Emissionen

Umwelthilfe will Feinstaubgrenze auch für Benziner

Die für Diesel-Pkw vorgeschriebenen Feinstaubgrenzwerte sollen nach dem Willen der Deutschen Umwelthilfe (DUH) auch für benzinbetriebene Autos gelten. Der von Benzinern mit Direkteinspritzung ausgestoßenen Partikel übertreffen einem Test zufolge die Diesel-Grenzwerte um ein Vielfaches.

Stromtarife© Andre Bonn / Fotolia.com

Berlin (dapd/red) - Die DUH und der Verkehrsklub VCD stellten in Berlin am Donnerstag die Versuchsergebnisse mit zwei handelsüblichen Autos mit Benzin-Direkteinspritzung vor, einem VW Golf 1,2 und einem BMW 116i.

Gesundheitsgefährdender Feinstaub

Bisher sind den Angaben zufolge eine halbe Million Benzin-Autos mit der neuen Direkteinspritzung unterwegs. Der von ihnen emittierte Feinstaub sei ähnlich gesundheitsgefährdend wie der von Dieselautos ohne Filter, sagte der Verkehrsberater Axel Friedrich. Er könne vor allem Herz-Kreislauf-Erkrankungen, aber auch Störungen der Atemwege und sogar Krebs hervorrufen.
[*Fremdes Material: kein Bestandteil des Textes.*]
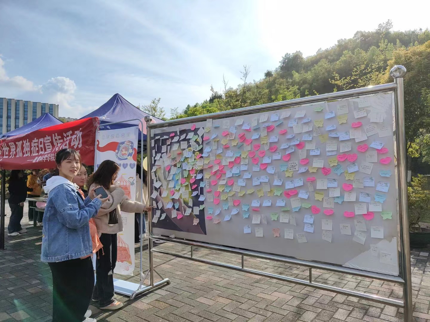 本次活动呼吁校园师生更加深入认识自闭症,并给予自闭症儿童一个公平、包容、关爱的环境。活动中,路过的师生参与了有奖竞答、自制或领取蓝丝带、寄语等活动项目,还通过查看展板信息与询问工作人员的方式来了解自闭症的相关信息。竞答成功的师生获得了精美小礼品。参与活动的“星宝”志愿者,并有老师陪伴志愿者保证其安全,让其接触外界,感受到他人的关爱与支持。

Besonders hoch seien die Emissionen dieser Motoren bei hohen Geschwindigkeiten. Gerd Lottsiepen vom VCD und Friedrich nahmen dies zum Anlass, die für eine Typzulassung vorgeschriebenen Fahrzyklen zu kritisieren, mit denen die Emissionen ermittelt werden. Sie stammten teilweise noch aus den 60er Jahren und seien weltfremd.

Direkteinspritzung trotzdem befürwortet

Lottsiepen sagte, die Umweltorganisationen begrüßten grundsätzlich die Motorentechnologie der Direkteinspritzung, weil sie zu deutlichen Effizienzgewinnen führe. Er gab sich zuversichtlich, dass die Autoindustrie sich diesem Anliegen nicht verschließen werde. Um die bisher nur für Dieselautos geltenden Grenzwerte einzuhalten, müsse in die Benziner ein Filter eingebaut werden, der um die 100 Euro zusätzlich koste. Verglichen mit anderem Zubehör in den Autos, sei dies ein "Peanuts-Betrag".